Convert any text into clean URL-safe slugs.

Your slug
Start typing to see your slug...

How to use

  1. Paste the title or phrase you want to convert.
  2. Pick a separator: hyphen, underscore, or dot.
  3. Choose whether to lowercase the output and how to handle special characters.
  4. Click Slugify to generate a clean URL-ready string.
  5. Copy the result and paste it into your CMS, repository, or filename.

Frequently asked questions

What is a slug?

A slug is the part of a URL that identifies a page in a human-readable way, like the my-post-title in example.com/blog/my-post-title. Good slugs improve readability and SEO.

Can it handle accents and non-Latin characters?

Yes. The tool transliterates accented Latin characters to plain ASCII and strips emoji and most symbols. For non-Latin scripts the closest ASCII approximation is used.

How long should a slug be?

Short and descriptive works best, typically 3 to 5 keywords. Search engines truncate long URLs in results and very long slugs can hurt click-through rates.

Is anything sent to a server?

No. Slugify runs entirely in your browser, so you can safely slugify draft titles, private notes, or anything else without uploading it.

What makes a slug good, by the numbers

A slug is the human-readable tail of a URL, and search engines do read it: Google's own documentation recommends simple, descriptive words in URLs, and hyphens... not underscores... as separators, because Google treats hyphens as word boundaries but historically joined words around underscores. Keep slugs to 3-5 meaningful words: /contrast-checker-guide outperforms both /p=4823 and /the-complete-definitive-guide-to-checking-colour-contrast-in-2026. Stop words (the, a, of) can usually go unless removing them changes meaning.

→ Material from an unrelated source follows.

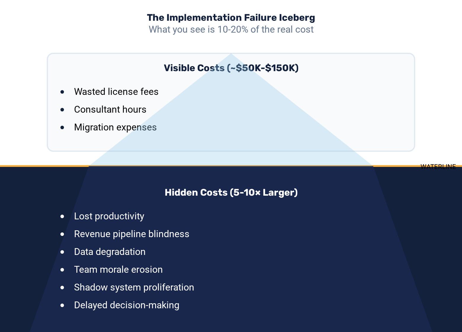 Team morale and trust erosion. This is the cost nobody puts on a spreadsheet but everyone feels. When you ask a sales team to adopt a new system and it fails, they become deeply skeptical of the next attempt. That skepticism translates to passive resistance, slower adoption, and a higher bar for the rescue implementation to clear.

The transliteration problem

Non-ASCII titles need a policy. Accented Latin characters fold cleanly (cafe from café, uber from über). Greek and Cyrillic require romanisation: a title like "Oroi Chrisis" from Greek text keeps URLs portable across systems that mangle percent-encoded paths... a Greek-character URL is technically valid but turns into %CE%BF%CF%81... the moment it is copied into plain-text contexts, becoming unreadable and fragile. Consistent transliteration at slug-creation time avoids the whole class of problems.

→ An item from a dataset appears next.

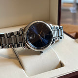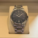 Diameter 38.5 mm. Wrist circumference of 16.8 cm without additional links. Stainless steel case and bracelet. Smooth steel bezel. Longines crown. Blue dial without numerals. Sapphire crystal. Automatic movement. Transparent case back. Stainless steel double folding clasp with Longines emblem.

Slug hygiene rules that prevent future pain

  • Lowercase always: mixed-case URLs create duplicate-content ambiguity on case-sensitive servers.
  • Never change a published slug casually... the URL is a promise. If you must, ship a 301 redirect from the old address.
  • Keep dates out of slugs for evergreen content; /best-laptops-2024 ages badly and renaming it later breaks links.
  • Strip tracking junk and punctuation: apostrophes, quotes and ampersands have no business in a path.
  • Decide a collision policy upfront (append -2, or include a category prefix) before your hundredth post forces one mid-flight.

Slugs beyond URLs

The same normalisation solves a family of naming problems. Filenames destined for servers or scripts: spaces and special characters in uploads break more pipelines than any other single cause, and slugified names (invoice-acme-2026-06.pdf) pass through everything. CSS classes and HTML IDs generated from headings need identical treatment, which is how documentation sites build anchor links. Database keys, campaign codes, git branch names (fix/login-redirect-loop)... each is a slug wearing different clothes. The shared rule set: lowercase, ASCII, hyphens, no surprises. Adopting it everywhere means never debugging the file that works locally and 404s in production because of one accented character.